In your copy, leave out the pictures and repeat every record exactly.

MATERIAL PROVIDED:
**********
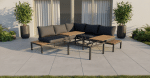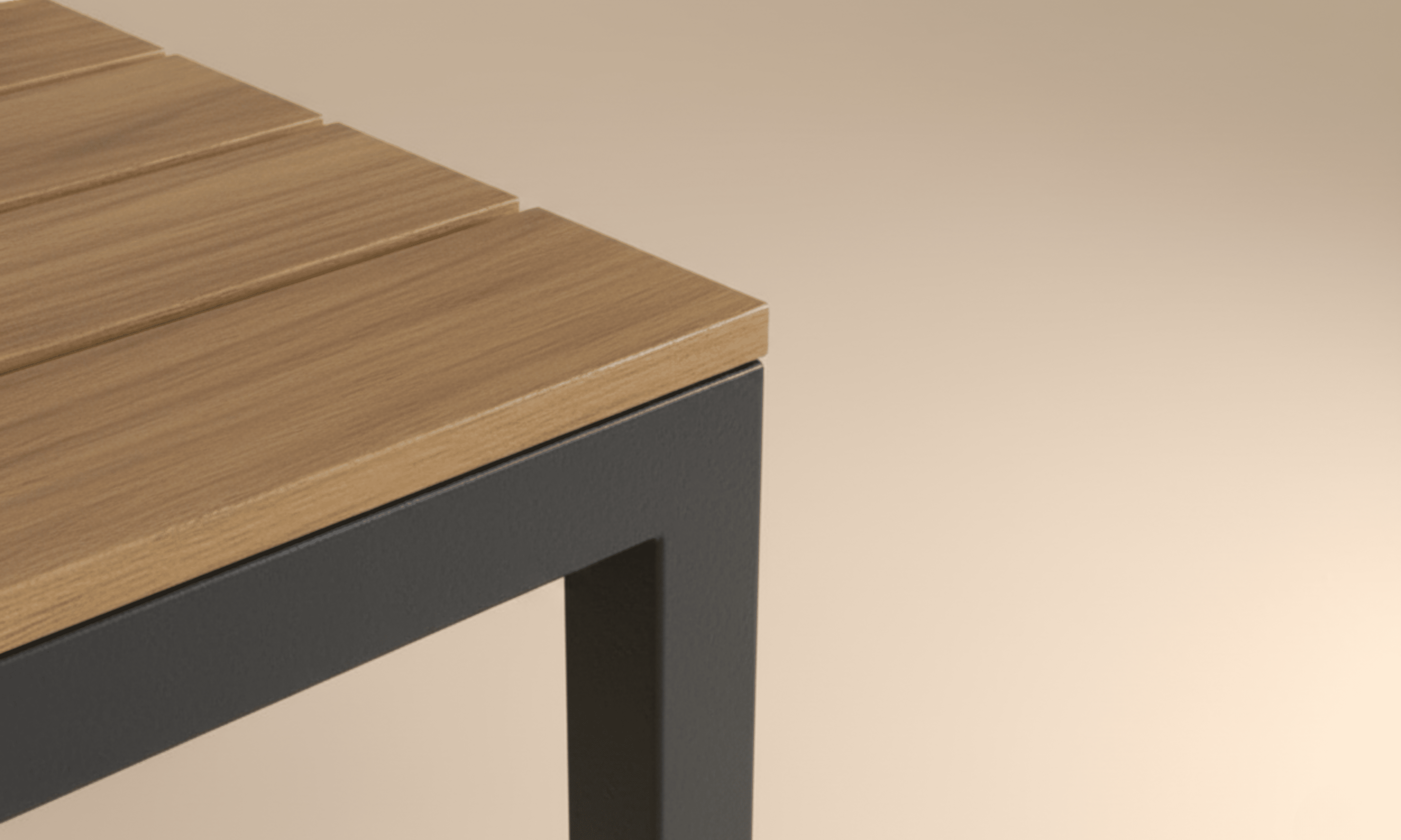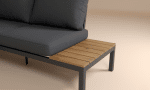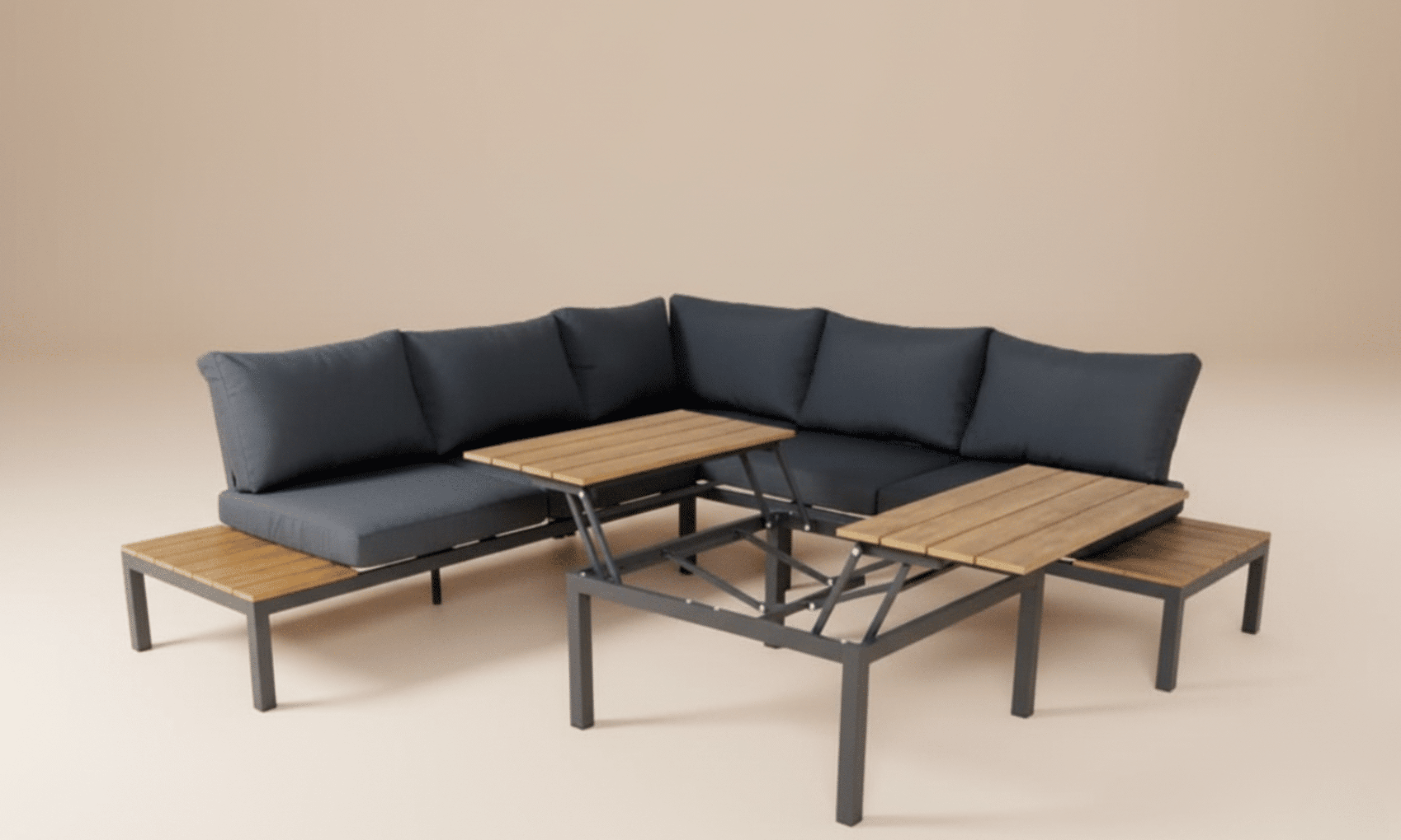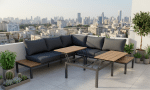 מערכת ישיבה מאלומיניום ודמוי עץ בעיצוב מודרני ואלגנטי, בעלת חמישה מושבים ושולחן קפה.
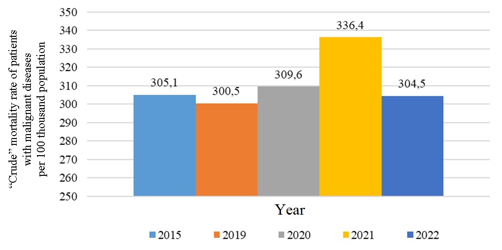 The analysis covered the period 2012–2022, of most interest undoubtedly being years 2020 and 2021 the height of the COVID-19 pandemic. Most relevant statistical indicators, in our opinion, were analyzed, such as ‘crude’indicators of incidence of MNs and mortality from them, including mortality fromnon-oncological diseases, the percentage of identified cases of I–II stage cancer and cancer in situ, per- centage of patients with IV stage of tumor process, percentageof actively identified patients, one-year mortality, the number of postmortem diagnoses at autopsy. These indicators were assessed in dynamics. Tumor ofsome most common and actual localizations were discussed separately.
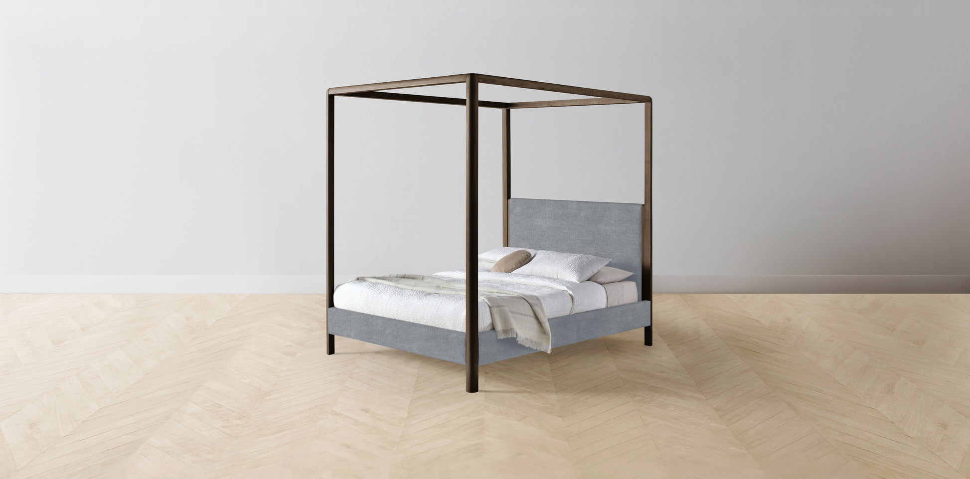 The Thompson - Performance Melange Weave Aegean Canopy Bed - 48" Headboard - Upholstered on reverse
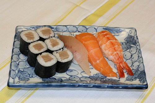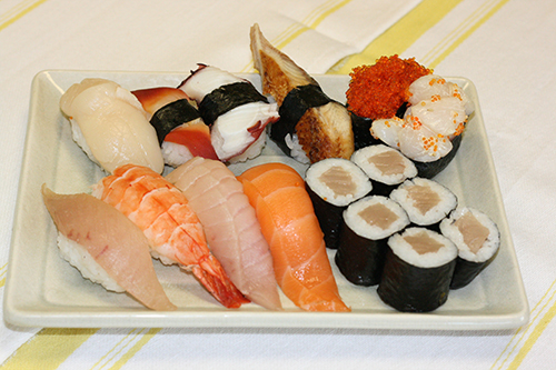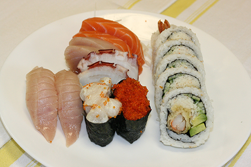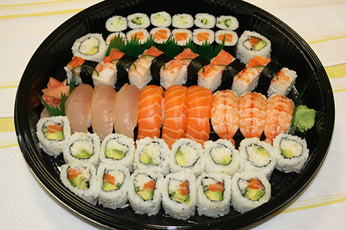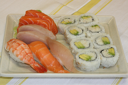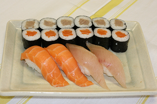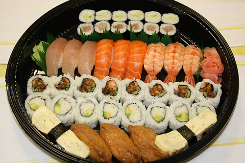 1 Tuna Rall,1 Kappa Roll,1 California Roll,1 Alaska Roll,2 pcs Tamago,3 pcs of Tuna,Salmon,Ebi,lnari
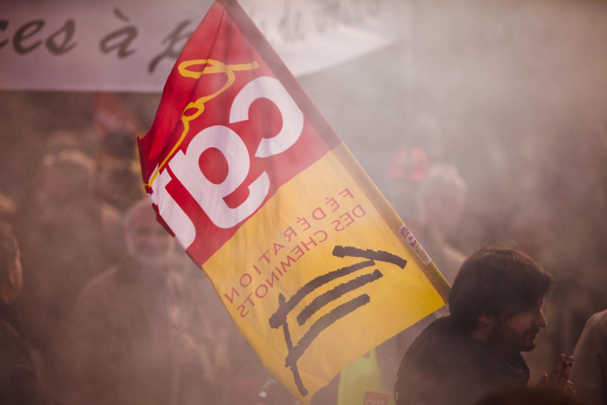 Drapeau CGT sur fond de fumigène en manifestation.
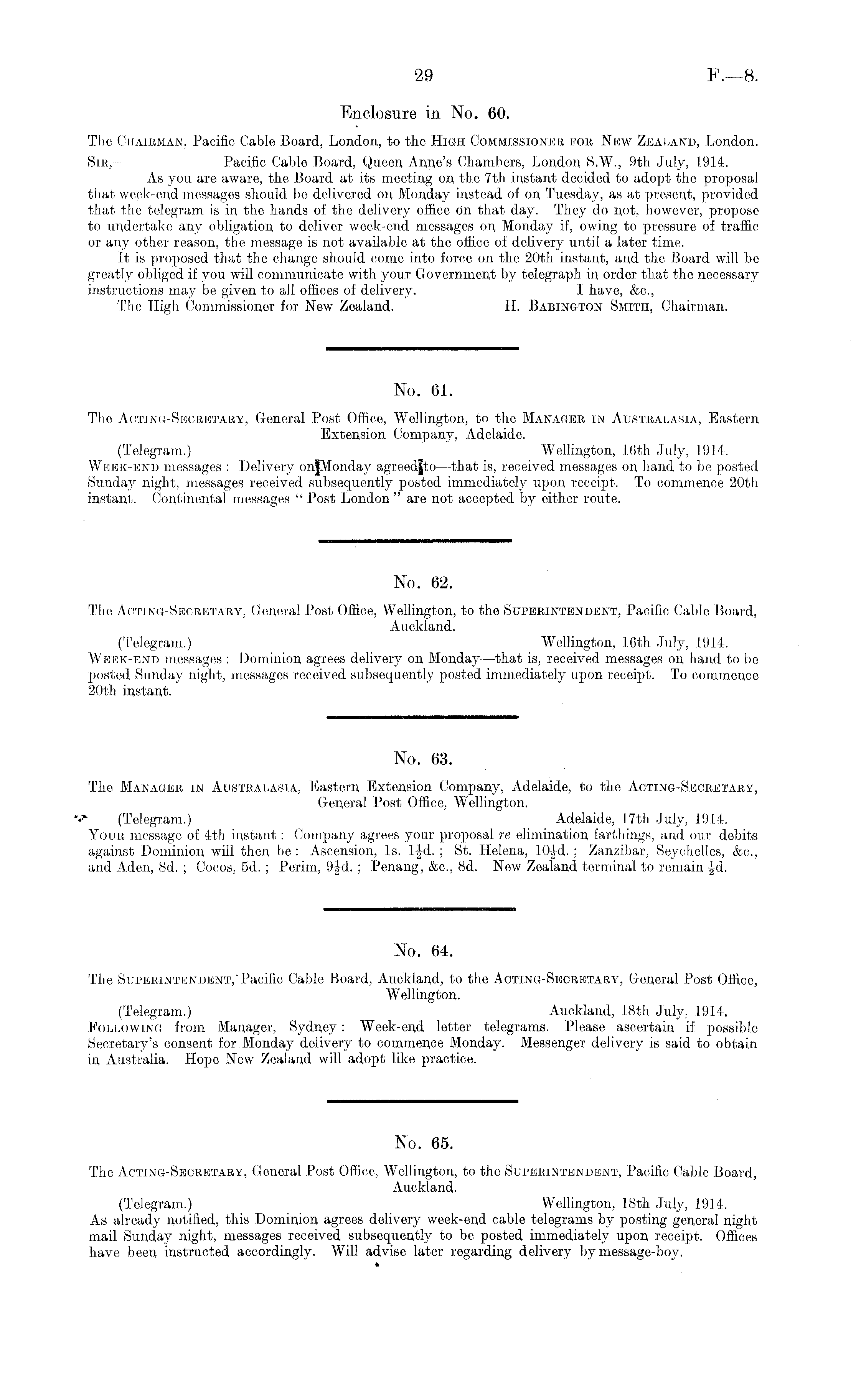 Enclosure in No. 60. The Chairman, Pacific Cable Board, London, to the High Commissioner for New Zealand, London. Sir, — Pacific Cable Board, Queen Anne's Chambers, London S.W., 9th July, 1914. As you are aware, the Board at its meeting on the 7th instant decided to adopt the proposal that week-end messages should be delivered on Monday instead of on Tuesday, as at present, provided that the telegram is in the hands of the delivery office on that day. They do not, however, propose to undertake any obligation to deliver week-end messages on Monday if, owing to pressure of traffic or any other reason, the message is not available at the office of delivery until a later time. It is proposed that the change should come into force on the 20th instant, and the Board will be greatly obliged if you will communicate with your Government by telegraph in order that the necessary instructions may be given to all offices of delivery. I have, &c, The High Commissioner for New Zealand. H. Babington Smith, Chairman.
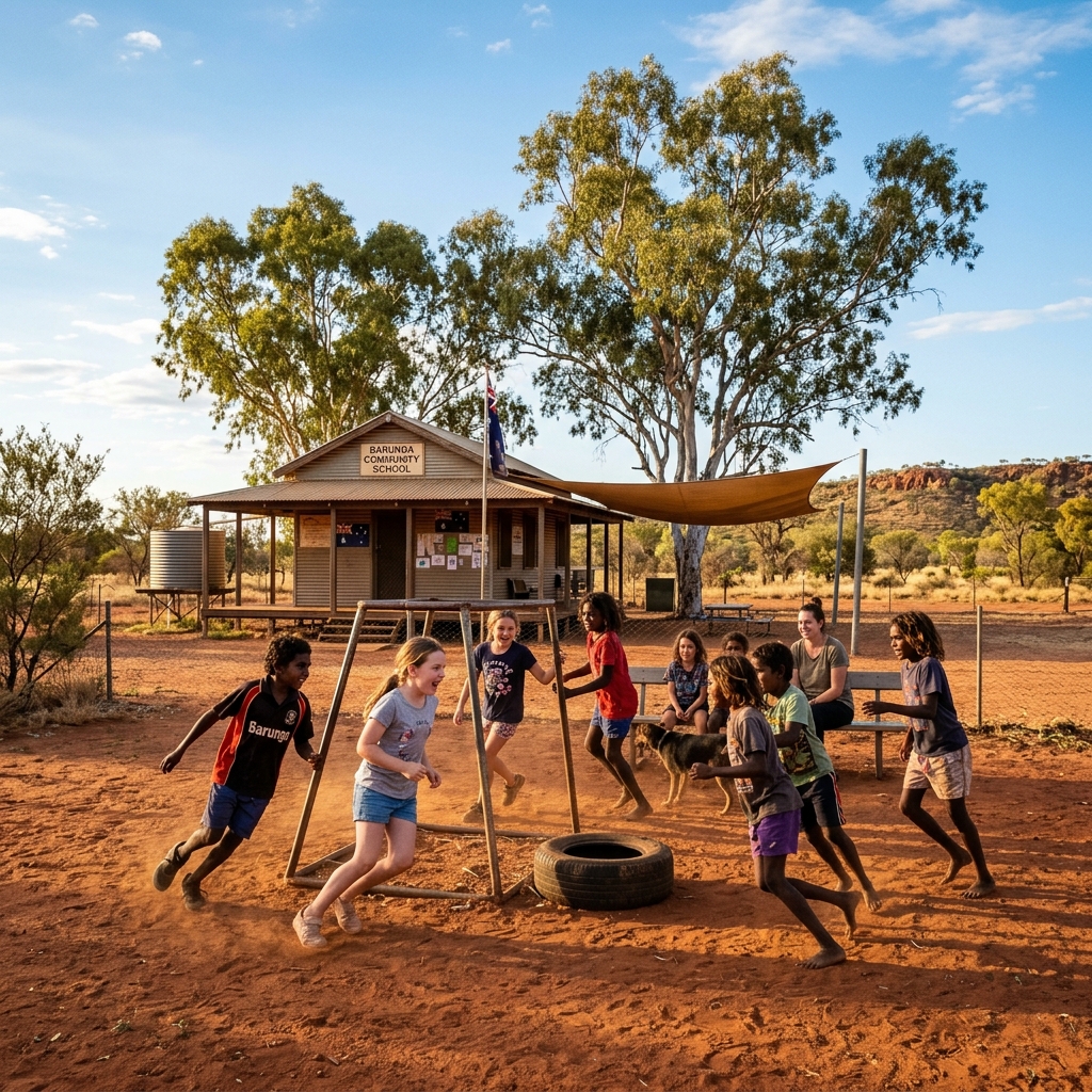 Small community schools: Many remote communities have a single school serving Prep through Year 6 or Year 10, with 20–80 students across multiple year levels. Multi-grade classrooms — one teacher, three year levels — are standard. The research on small schools is actually reasonably positive about what they can offer: closer teacher-student relationships, a stronger whole-school community, and genuine individual attention. What they can't always offer is subject breadth or specialist teachers in art, music, languages, or sports.
**********
THE COMPLETED TASK:
 מערכת ישיבה מאלומיניום ודמוי עץ בעיצוב מודרני ואלגנטי, בעלת חמישה מושבים ושולחן קפה.
 The analysis covered the period 2012–2022, of most interest undoubtedly being years 2020 and 2021 the height of the COVID-19 pandemic. Most relevant statistical indicators, in our opinion, were analyzed, such as ‘crude’indicators of incidence of MNs and mortality from them, including mortality fromnon-oncological diseases, the percentage of identified cases of I–II stage cancer and cancer in situ, per- centage of patients with IV stage of tumor process, percentageof actively identified patients, one-year mortality, the number of postmortem diagnoses at autopsy. These indicators were assessed in dynamics. Tumor ofsome most common and actual localizations were discussed separately.
 The Thompson - Performance Melange Weave Aegean Canopy Bed - 48" Headboard - Upholstered on reverse
 1 Tuna Rall,1 Kappa Roll,1 California Roll,1 Alaska Roll,2 pcs Tamago,3 pcs of Tuna,Salmon,Ebi,lnari
 Drapeau CGT sur fond de fumigène en manifestation.
 Enclosure in No. 60. The Chairman, Pacific Cable Board, London, to the High Commissioner for New Zealand, London. Sir, — Pacific Cable Board, Queen Anne's Chambers, London S.W., 9th July, 1914. As you are aware, the Board at its meeting on the 7th instant decided to adopt the proposal that week-end messages should be delivered on Monday instead of on Tuesday, as at present, provided that the telegram is in the hands of the delivery office on that day. They do not, however, propose to undertake any obligation to deliver week-end messages on Monday if, owing to pressure of traffic or any other reason, the message is not available at the office of delivery until a later time. It is proposed that the change should come into force on the 20th instant, and the Board will be greatly obliged if you will communicate with your Government by telegraph in order that the necessary instructions may be given to all offices of delivery. I have, &c, The High Commissioner for New Zealand. H. Babington Smith, Chairman.
 Small community schools: Many remote communities have a single school serving Prep through Year 6 or Year 10, with 20–80 students across multiple year levels. Multi-grade classrooms — one teacher, three year levels — are standard. The research on small schools is actually reasonably positive about what they can offer: closer teacher-student relationships, a stronger whole-school community, and genuine individual attention. What they can't always offer is subject breadth or specialist teachers in art, music, languages, or sports.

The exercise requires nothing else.